*Exercise instructions*:
The answer consists only of the lines from the beginning of the listing below to the line holding "随后,其对恶意代码进行简单的异或解密,并创建线程执行解密后的代码。", inclusive, with every picture removed.

*Data segment*:
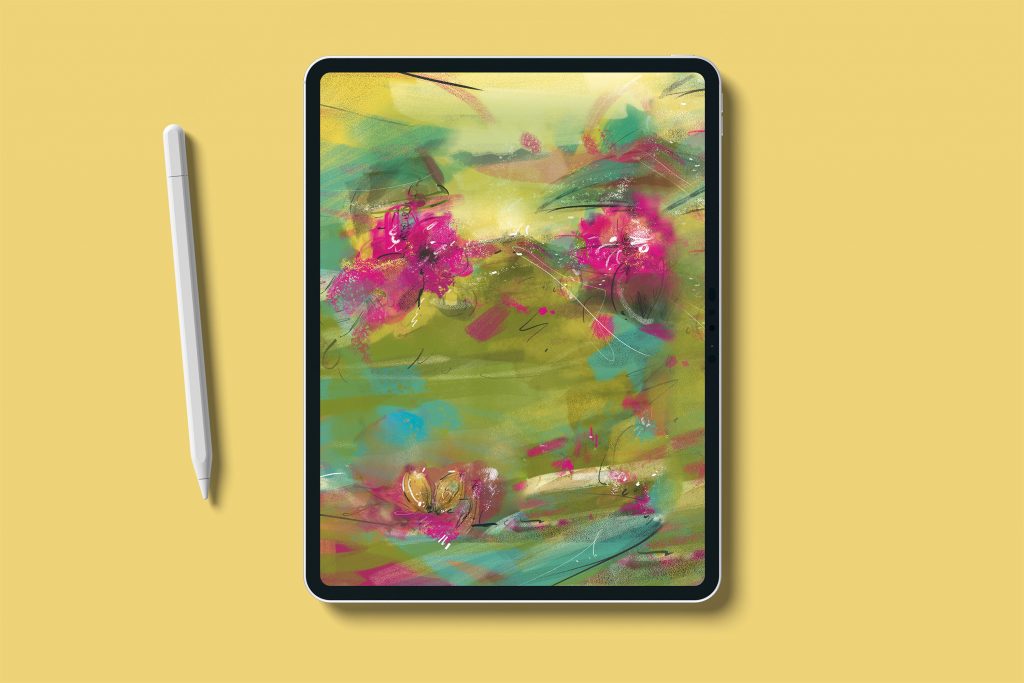 Für die Gestaltung des Motivs habe ich mich für eine lebendige Formensprache und eine digitale Umsetzung der Illustration auf dem Tablet entschieden. So konnte ich die einzelnen Pinsel frei wählen und ganz nach meiner Intuition gestalten.
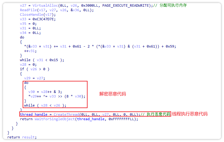 随后,其对恶意代码进行简单的异或解密,并创建线程执行解密后的代码。
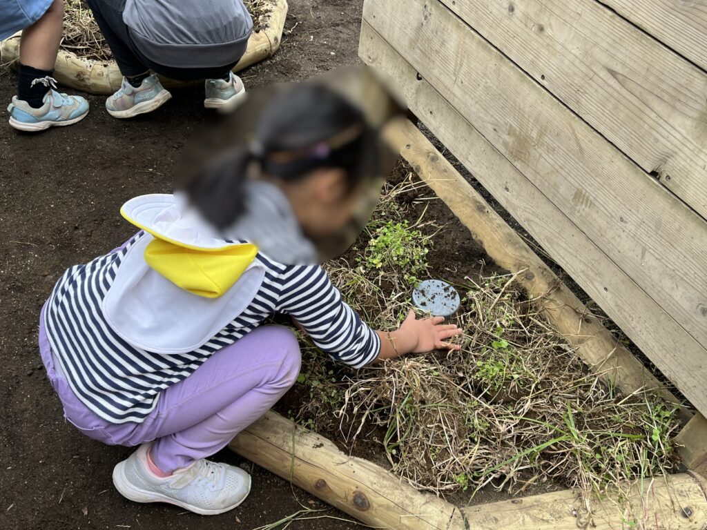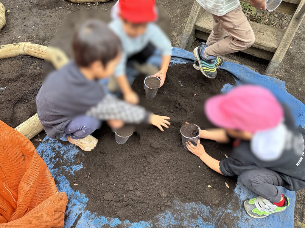 - 園庭の土と黒土を実際に触り、違いを感じ取ることをねらいとしています。

*Exercise answer*:
 Für die Gestaltung des Motivs habe ich mich für eine lebendige Formensprache und eine digitale Umsetzung der Illustration auf dem Tablet entschieden. So konnte ich die einzelnen Pinsel frei wählen und ganz nach meiner Intuition gestalten.
 随后,其对恶意代码进行简单的异或解密,并创建线程执行解密后的代码。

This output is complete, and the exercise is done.